CQFD

CQFD n°124, en kiosque à partir du 17 juillet 2014.

Numéro d’été, avec un supplément de 16 pages : bédés, nouvelles, fiches cuisines, playlists... Tout pour passer un été à l’abri de l’ennui !

Les articles sont mis en ligne au fil de l’eau après la parution du CQFD d’ensuite. D’ici-là, tu as tout le temps d’aller saluer ton kiosquier ou de t’abonner...

En Une : Déstockage massif par Cynicom.

Dossier école

Vivement la rentrée des classes ! « Éduquer, ce n’est pas remplir un vase ,c’est allumer un feu », disait un certain Montaigne (un rappeur sans doute ?). Enseignant depuis 1995, Grégory Chambat participe à la revue N’Autre école, publiée par la CNT Éducation qui explore les chemins buissonniers d’une « révolution sociale, éducative et pédagogique », et plus récemment au site Question de classe(s) qui fonctionne comme une agence de presse afin de donner des outils à une pédagogie socialement critique, ancrée dans le quotidien des enseignants, des agents de l’éducation, des parents et des élèves. Oral de rattrapage pour les cancres de CQFD avec un pédagogue de combat.

De l’école alternative… L’éducation conditionne nos vies. Nous avons tenté de savoir modestement à quoi pouvait ressembler une école différente, hors des notes, des évaluations, des programmes, une école qui apprendrait la liberté. ÀTerre d’Éveil dans le Puy-de-Dôme, nous avons rencontré une expérience sociale débutante autour de la citoyenneté et de l’environnement. Alors, lecteur de CQFD, pose ta bière et range ton ballon… on retourne en cours jusqu’en septembre.

…à l’alternative à l’école Il y a aussi ces parents qui prennent la décision de faire l’école à la maison. D’affreux cathos qui conditionnent leurs mômes à longueur de journée ? Des contestataires un peu perchés qui rejettent tout ce qui vient de la société capitaliste ? Ou des parents jaloux de l’épanouissement de l’enfant à l’intérieur du cocon familial ? Quelques rencontres en Haute-Loire avec ces « autres » parents d’élèves.

Les articles

Chiapas : Marcos est mort… Vive l’autonomie zapatiste ! Le 24 mai 2014, le sous-commandant Marcos a annoncé sa propre fin : «  Je déclare que je cesse d’exister. » Ultime pirouette d’une icône altermondialiste ou réelle avancée du sentiment collectif aux dépens d’un culte de la personnalité résiduel ? Quel sens donner à cette mort symbolique ?

Culture : De la monoculture en Avignon À qui profite le festival d’Avignon ? Aux Avignonnais ? Aux compagnies ? Aux saisonniers de la restauration ? De la même manière que les nouveaux accords Unedic nuisent à tous, le festival repose sur une débauche de précarité.
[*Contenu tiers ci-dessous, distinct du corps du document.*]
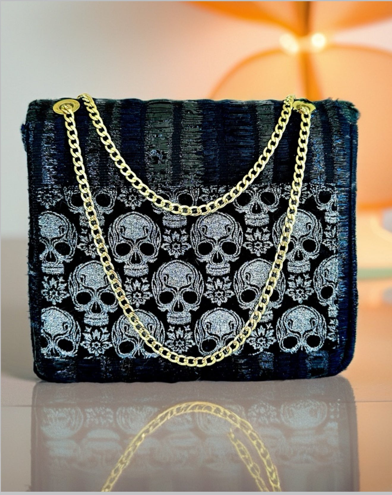 • Storage: Features a convenient exterior slip pocket (showcasing the intricate skull damask panel) and a secure interior zip pocket for your essentials.
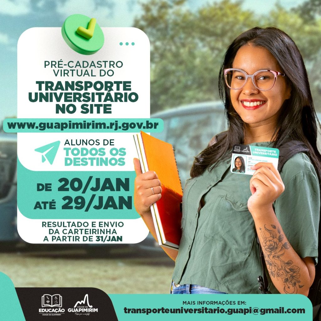 A Prefeitura Municipal de Guapimirim, por meio da Secretaria de Educação, informa que as inscrições para o programa do Ônibus Universitário estarão abertas de 20 a 29 de janeiro. O programa oferece transporte gratuito para estudantes de ensino superior que frequentam instituições em municípios vizinhos, promovendo acesso à educação e apoio aos nossos jovens.
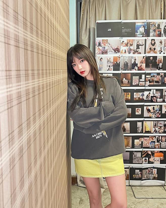 성소는 그레이 스웨트셔츠와 네온 옐로우 미니스커트를 매치한 과감한 스트릿 패션을 선보이고 있다. 'ASTRO BOY' 로고가 프린트된 그레이 스웨트셔츠는 레트로한 감성을 더하고, 비비드한 네온 옐로우 미니스커트와의 대비로 시선을 사로잡는 스타일링을 완성하고 있다. 벽에 기대어 선 포즈로 쿨한 분위기를 연출하며, 배경의 패션 무드보드와 함께 트렌디한 감각을 보여주고 있다.
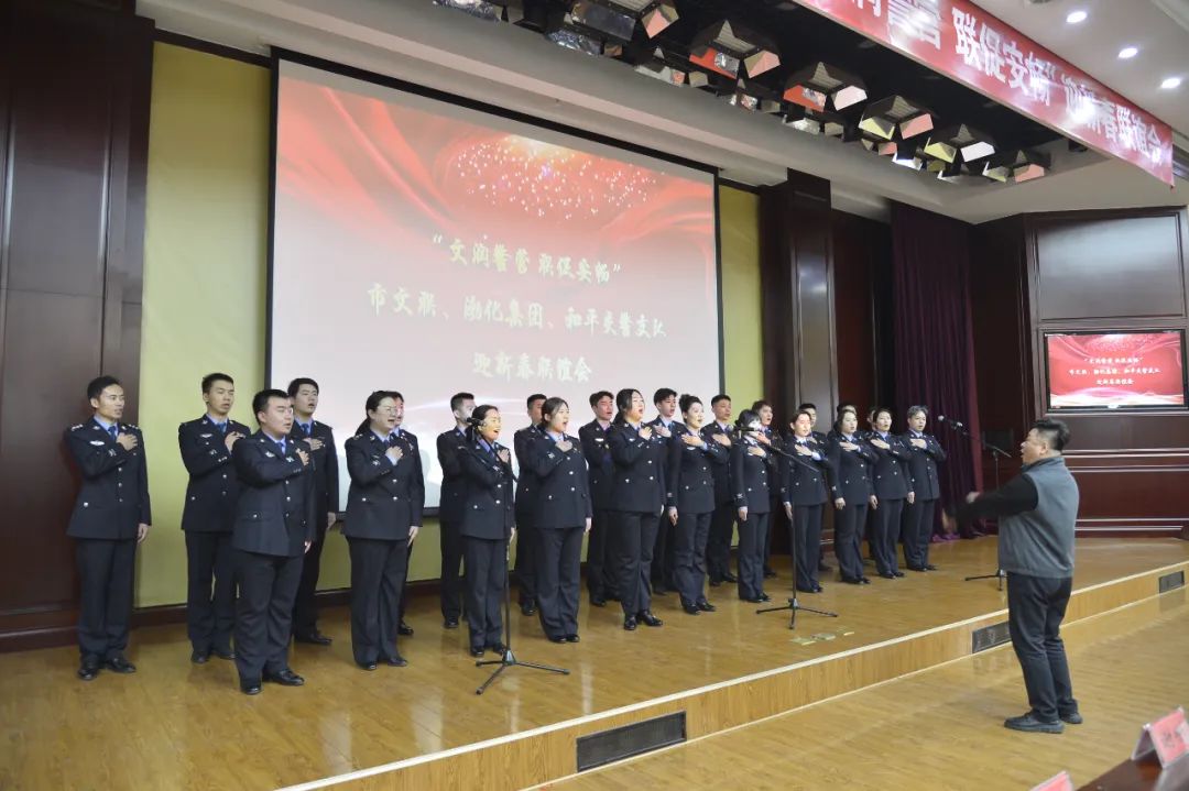文藝骨干們?yōu)榇蠹規(guī)硪粓鼍始姵实奈乃囇莩?,?lián)誼活動為交通干警、渤化集團一線干部職工送去節(jié)日的問候和新春祝福,讓大家在喜慶的氛圍里領略交警風采,感受文化魅力,共同見證警民攜手、文安相融的美好華章。
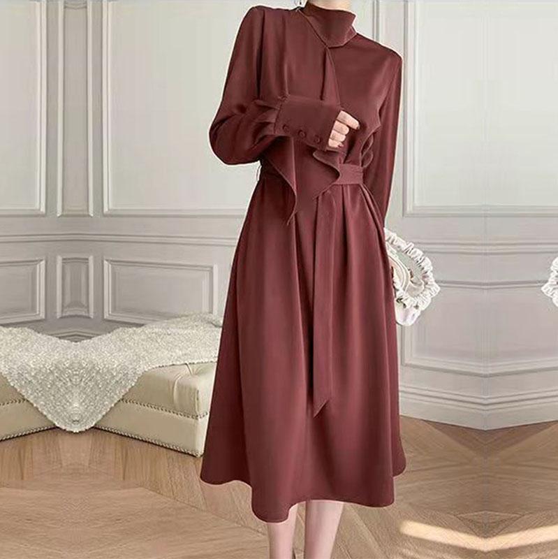 Женское платье с воротником-стойкой и длинным рукавом, тонкое женское платье трапециевидной формы с поясом, M-3XL — купить товар онлайн с бесплатной доставкой по всему миру!
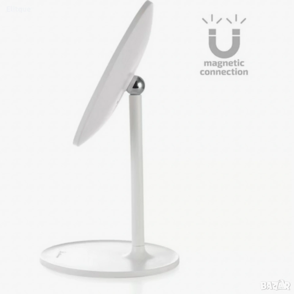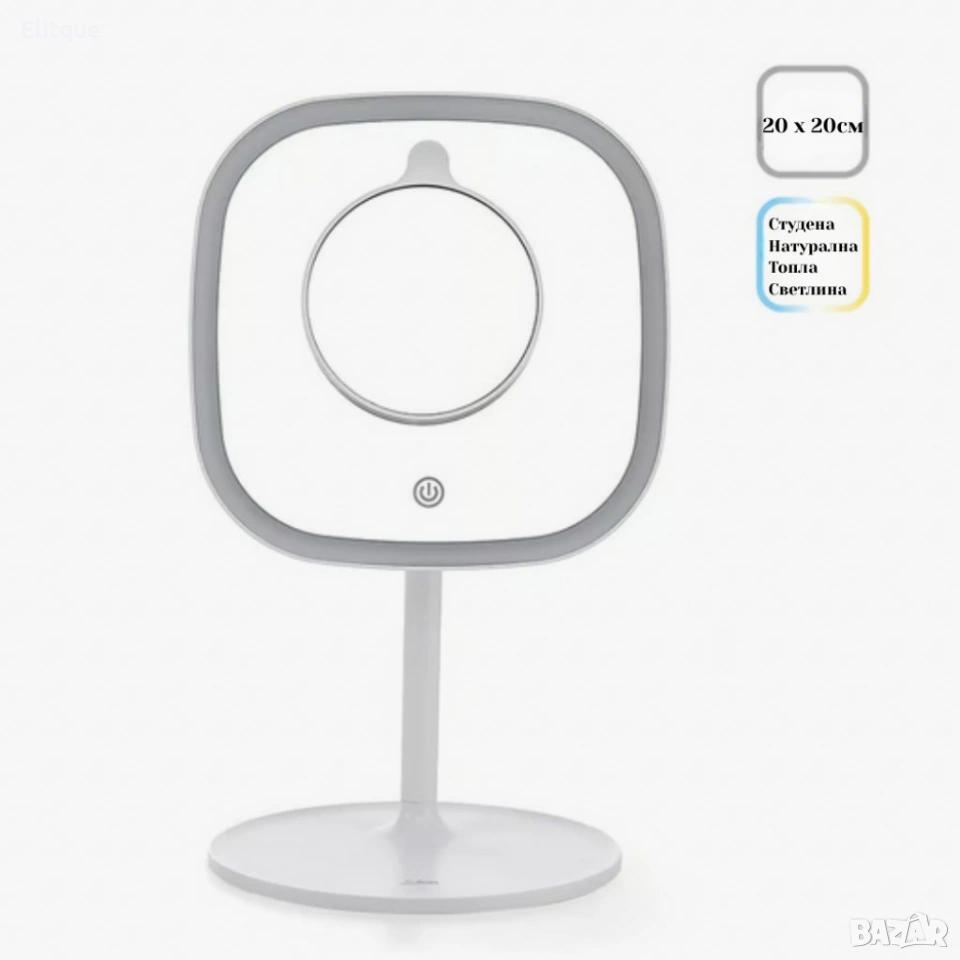 Технически характеристики на LED козметично огледало за грим Luigi Ferrero FR- 805M, квадрат, 20x20 cm Ключовите технически параметри дават увереност в надеждността на устройството: Размер огледало: 20 x 20 cm (квадрат) Тип осветление: LED, три режима — студена, топла, естествена Управление: сензорно ON/OFF и безстепенно регулиране на яркостта Батерия: 1x 2000 mAh презареждаща се Li-ion, до 3 часа при максимална яркост Време за зареждане: около 4 часа Включени аксесоари: USB-C кабел за зареждане Допълнително: подвижно 5X увеличително огледало, малка вендуза за закрепване, магнитна глава с 360° въртене
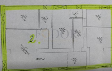 • Udvar felőli lakás: Nyélen keresztül megközelíthető, nettó 69 m² alapterületű, 3 szobás lakás, amelyhez 500 m² saját telekterület tartozik.
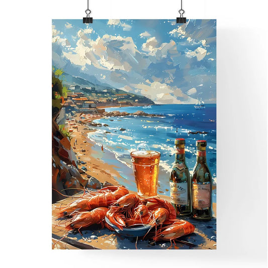 Dramatic Art Painting: Seafood Feast on the Beach with Majestic Sea View and Refreshing Beer
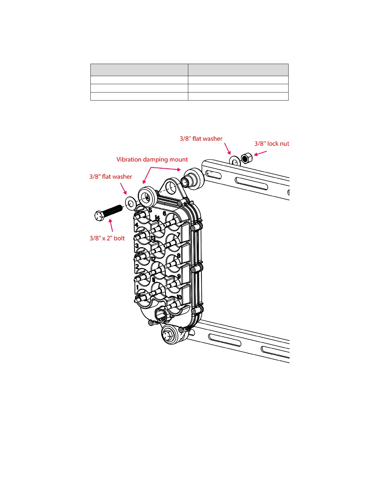 4. Use 3/8” x 1” bolts (356060-000400), washers (352012-000031), and locknuts (352011-

Par ricochet, une grève des comédiens met en lumière combien la ville est pieds et poings liés à l’industrie touristique. « Ce que nous défendons, nous le défendons pour tous », disent les grévistes. Pensent-ils si bien dire ?

Greenwashing : Des assises de la biodiversité en béton Tout oppose le rouleau compresseur des aménageurs de territoire au fragile équilibre des milieux naturels. Lors des quatrièmes Assises nationales de la biodiversité les 23 et 24 juin à Montpellier, les bonimenteurs de l’ingénierie écologique ont tenté de muer bétonneurs en sauveurs des petites bêtes…

Extrêmes droites : La Nouvelle Droite dans la face Depuis près de quarante ans la – plus tellement – Nouvelle Droite voudrait brouiller les schémas classiques de l’extrême droite à force de puiser des arguments dans la critique socialiste, anti-industrielle et écologique. Elle va jusqu’à titrer un numéro de sa revue Éléments : « La Nouvelle Droite est-elle de gauche ? », profitant des faiblesses de la gauche lâche et moribonde pour prétendre la doubler… sur sa gauche. Mais en grattant le vernis de la complexité intellectuelle réapparaissent vite les vieilles lunes anti-égalitaires et identitaires. Stéphane François qui a publié Au-delà des vents du Nord : L’extrême droite française, le pôle Nord et les Indo-Européens (PUL, 2014) revient sur l’influence réelle de ce courant.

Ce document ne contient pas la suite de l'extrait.